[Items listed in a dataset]
--

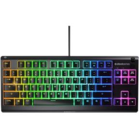 Het SteelSeries Apex 3 TKL gaming toetsenbord is ontworpen in de vormfactor die de voorkeur heeft onder esports-profs en zit boordevol geavanceerde gametechnologie van SteelSeries, waardoor je een voorsprong hebt op de concurrentie. Pro's kiezen voor TKL-toetsenborden omdat het weglaten van het numpad met tien toetsen meer ruimte biedt voor grote muistoetsen en voor een betere ergonomie tijdens het gamen. SteelSeries Whisper-Quiet gaming switches zijn ontworpen met duurzaam, wrijvingsarm materiaal voor meer dan 20 miljoen stille toetsaanslagen. Daarnaast is de Apex 3 TKL stof- en waterbestendig (IP32) en extra duurzaam gebouwd om schade door vloeistoffen en stofdeeltjes te voorkomen, zodat je kan blijven spelen, wat er ook met jouw toetsenbord gebeurt. Een klikbare volumeregelaar en mediatoetsen helpen je jouw instellingen gemakkelijk en direct aan te passen, in plaats van toepassingen en instellingen te moeten doorzoeken. Helderheid aanpassen, terugspoelen, overslaan of pauzeren allemaal met één druk op de knop. Gebruik de SteelSeries software om briljante lichteffecten te configureren bij specifieke spelgebeurtenissen. Of gebruik de macro-editor om eenvoudig geavanceerde toetscombinaties uit te voeren met een druk op de knop.
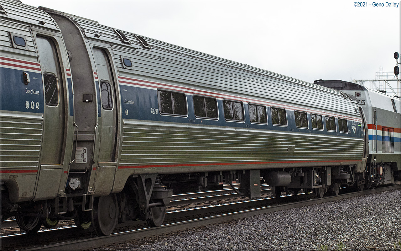 Built as a standard 84 seat coach in February 1976 and numbered 21112. Converted to a Capstone coach with 72 seats and trainline-equipped for push-pull operation in May 2010 and renumbered 82791. Historical information about this car provided by www.amtrakbythenumbers.com. |
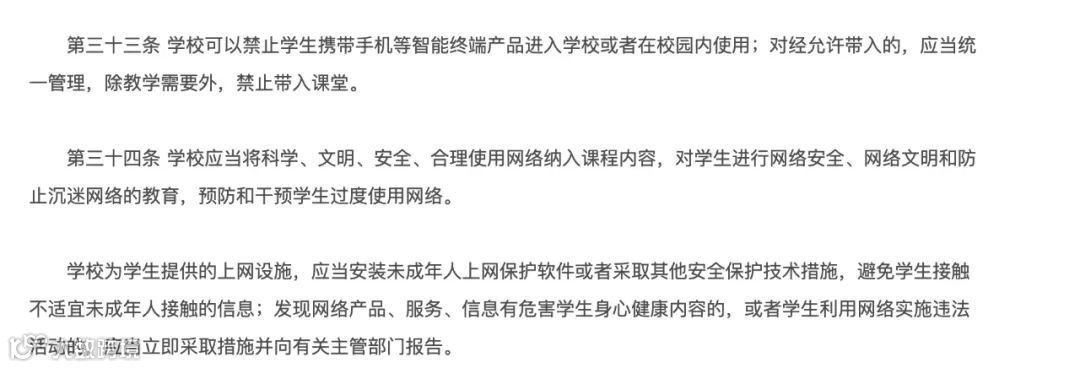 《未成年人学校保护规定》与“五项管理”的要求也逐项进行了衔接。其中规定学校对手机管理的权限,明确规定除教学需要外,禁止手机等智能终端产品进课堂。
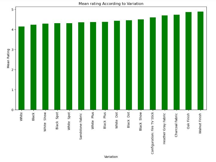 A bar graph was created to illustrate the mean ratingacrossdifferenttypesofAlexaproducts,with variationsdepictedonthex-axis.
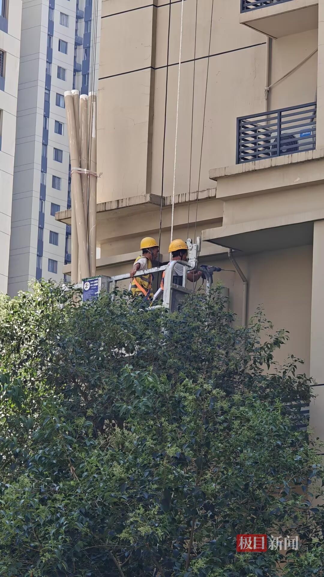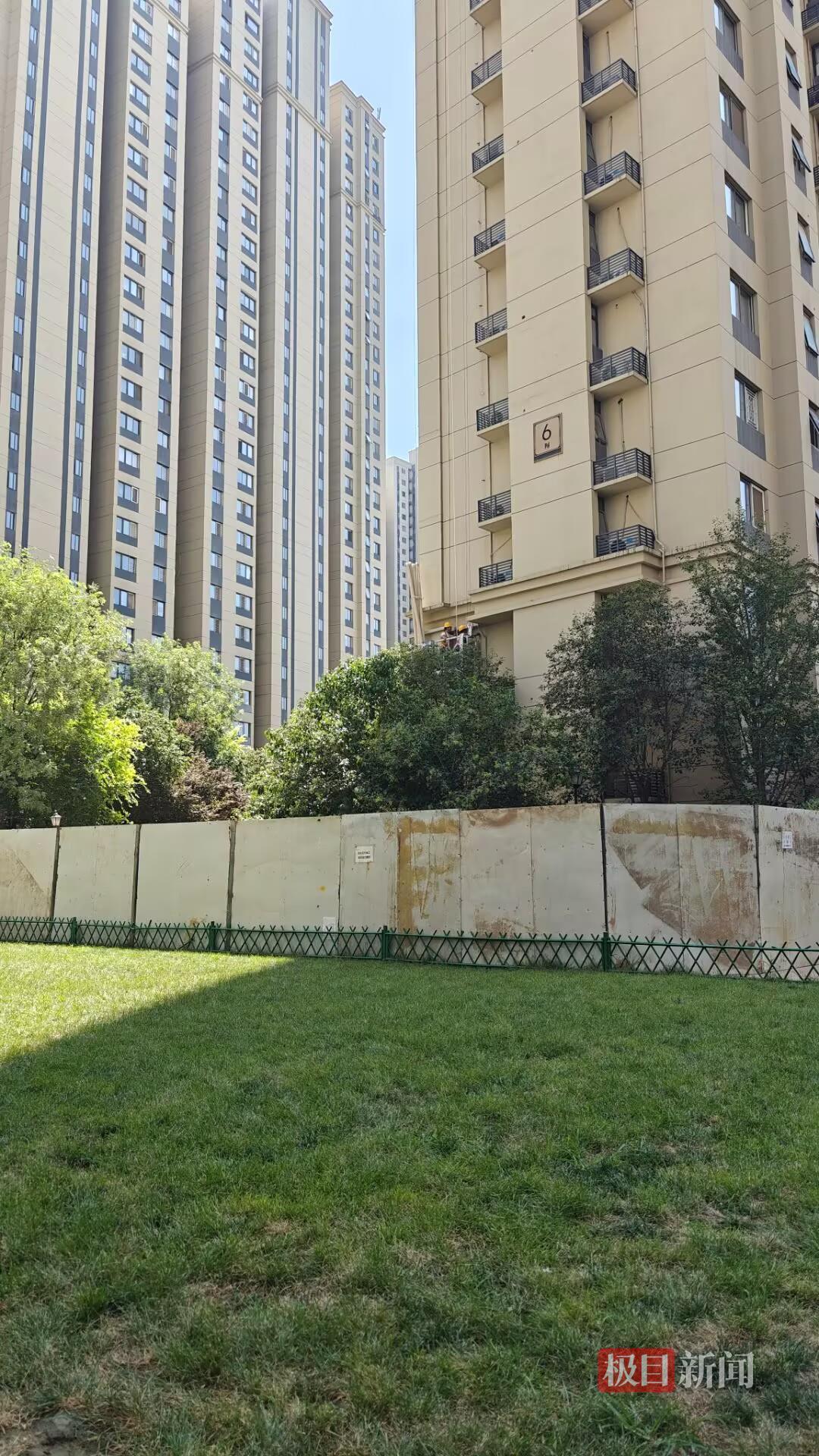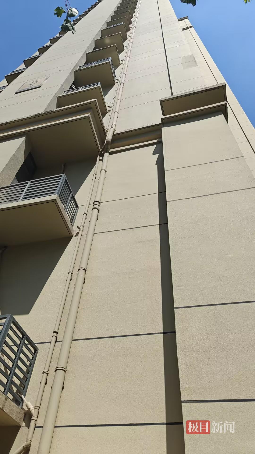 8月12日上午,極目新聞記者來到小區,事發樓棟建成于2017年12月,共34層,周圍有多組下水管,負責收集樓頂雨水,發生脫落的下水管已被全部拆下,人行道被鐵板擋住,隱約可以看到有施工人員正在更換新的下水管道。樓下依舊有許多老人在帶孩子玩耍。
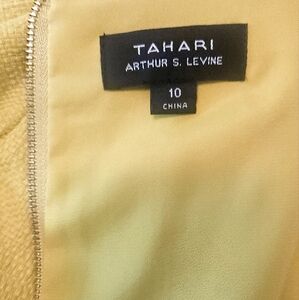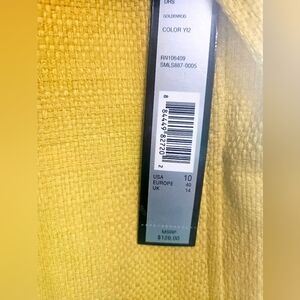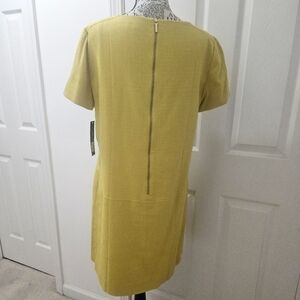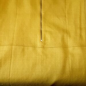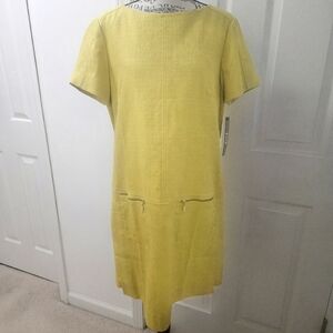 In a vibrant golden rod color, with matching lining, the dress has two front zippered pockets with gold tone hardware and an exposed zipper back closure.
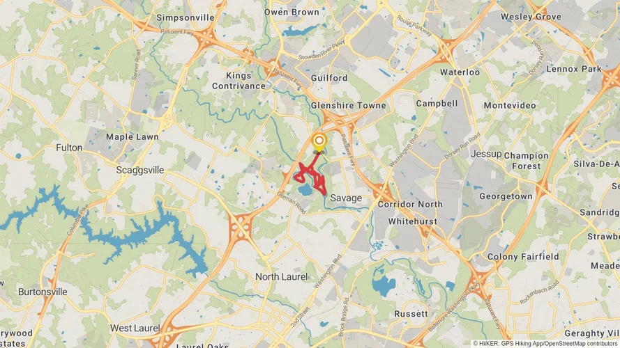 The Red, Blue and Blue-Green Loop Trail is a 5.8 km looped trail that starts and ends in Jessup, Howard County, Maryland. Based on our data, the hike is graded as Easy. For information on how we grade trails, please read measuring the difficulty of a hiking trail on hiiker. Also, check our latest community posts for trail updates. This hike can be completed in approx 1 hrs 23 mins. Caution is advised on trail times as this depends on multiple variables. For more info read about how we calculate hike time.
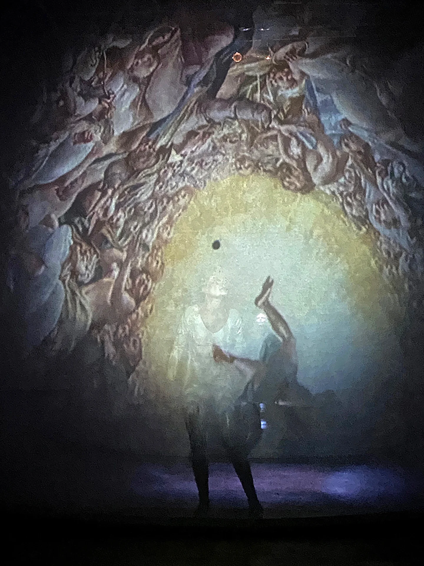 The images report a time that implodes, like the angel looking at us falling backwards or falling upwards, like galaxies showing themselves as they once were billions of years ago, like a reversal of linearity that proceeds towards the appearance of the first face, from the chaos of the first day.
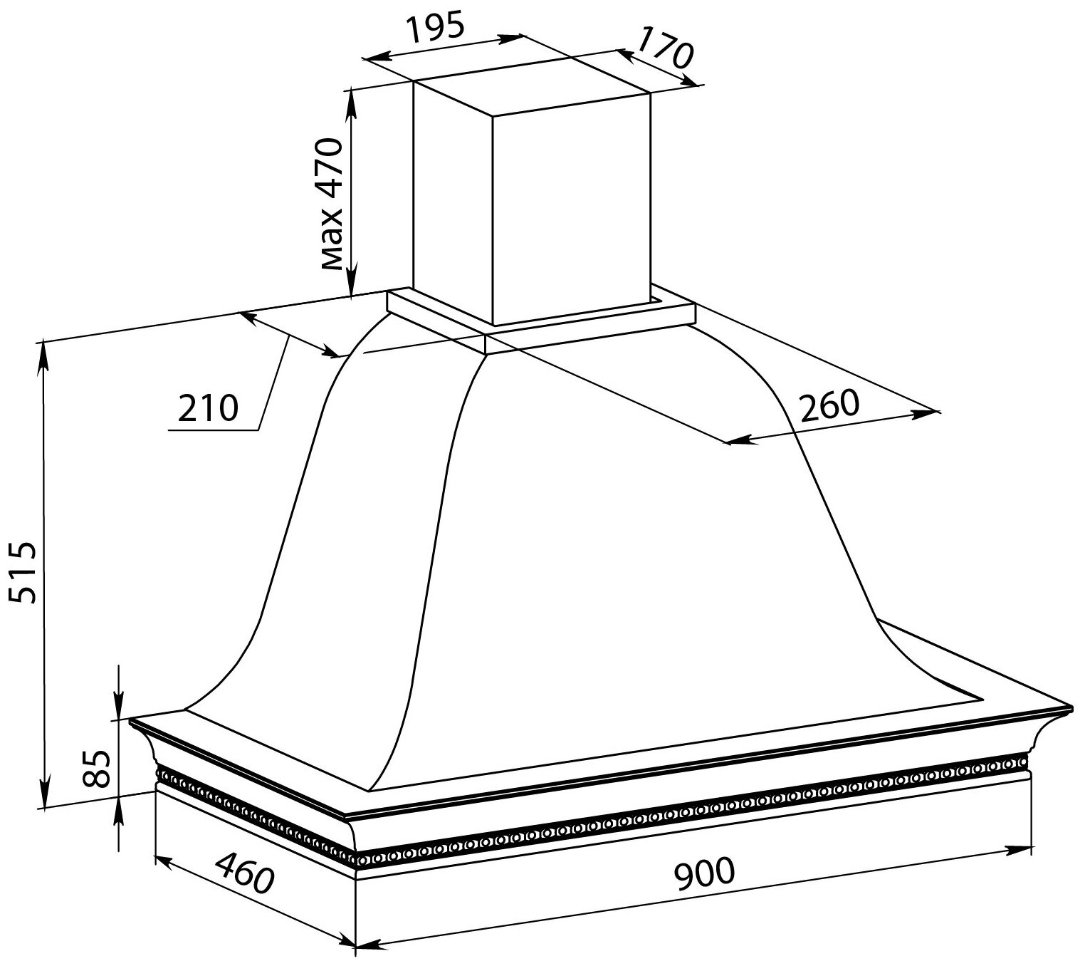 Description: Form factor: dome, width: 90 cm, depth: 46 cm, operating modes: exhaust / circulation, maximum productivity: 510 m³/hour, installation type: wall-mounted, filter: grease, control type: mechanical, lighting type: gal

--

Please retype, exactly and only, the lines from the one holding "Built as a standard" to the end of the entries, both ends included, without any pictures.

 Built as a standard 84 seat coach in February 1976 and numbered 21112. Converted to a Capstone coach with 72 seats and trainline-equipped for push-pull operation in May 2010 and renumbered 82791. Historical information about this car provided by www.amtrakbythenumbers.com. |
 《未成年人学校保护规定》与“五项管理”的要求也逐项进行了衔接。其中规定学校对手机管理的权限,明确规定除教学需要外,禁止手机等智能终端产品进课堂。
 A bar graph was created to illustrate the mean ratingacrossdifferenttypesofAlexaproducts,with variationsdepictedonthex-axis.
 8月12日上午,極目新聞記者來到小區,事發樓棟建成于2017年12月,共34層,周圍有多組下水管,負責收集樓頂雨水,發生脫落的下水管已被全部拆下,人行道被鐵板擋住,隱約可以看到有施工人員正在更換新的下水管道。樓下依舊有許多老人在帶孩子玩耍。
 In a vibrant golden rod color, with matching lining, the dress has two front zippered pockets with gold tone hardware and an exposed zipper back closure.
 The Red, Blue and Blue-Green Loop Trail is a 5.8 km looped trail that starts and ends in Jessup, Howard County, Maryland. Based on our data, the hike is graded as Easy. For information on how we grade trails, please read measuring the difficulty of a hiking trail on hiiker. Also, check our latest community posts for trail updates. This hike can be completed in approx 1 hrs 23 mins. Caution is advised on trail times as this depends on multiple variables. For more info read about how we calculate hike time.
 The images report a time that implodes, like the angel looking at us falling backwards or falling upwards, like galaxies showing themselves as they once were billions of years ago, like a reversal of linearity that proceeds towards the appearance of the first face, from the chaos of the first day.
 Description: Form factor: dome, width: 90 cm, depth: 46 cm, operating modes: exhaust / circulation, maximum productivity: 510 m³/hour, installation type: wall-mounted, filter: grease, control type: mechanical, lighting type: gal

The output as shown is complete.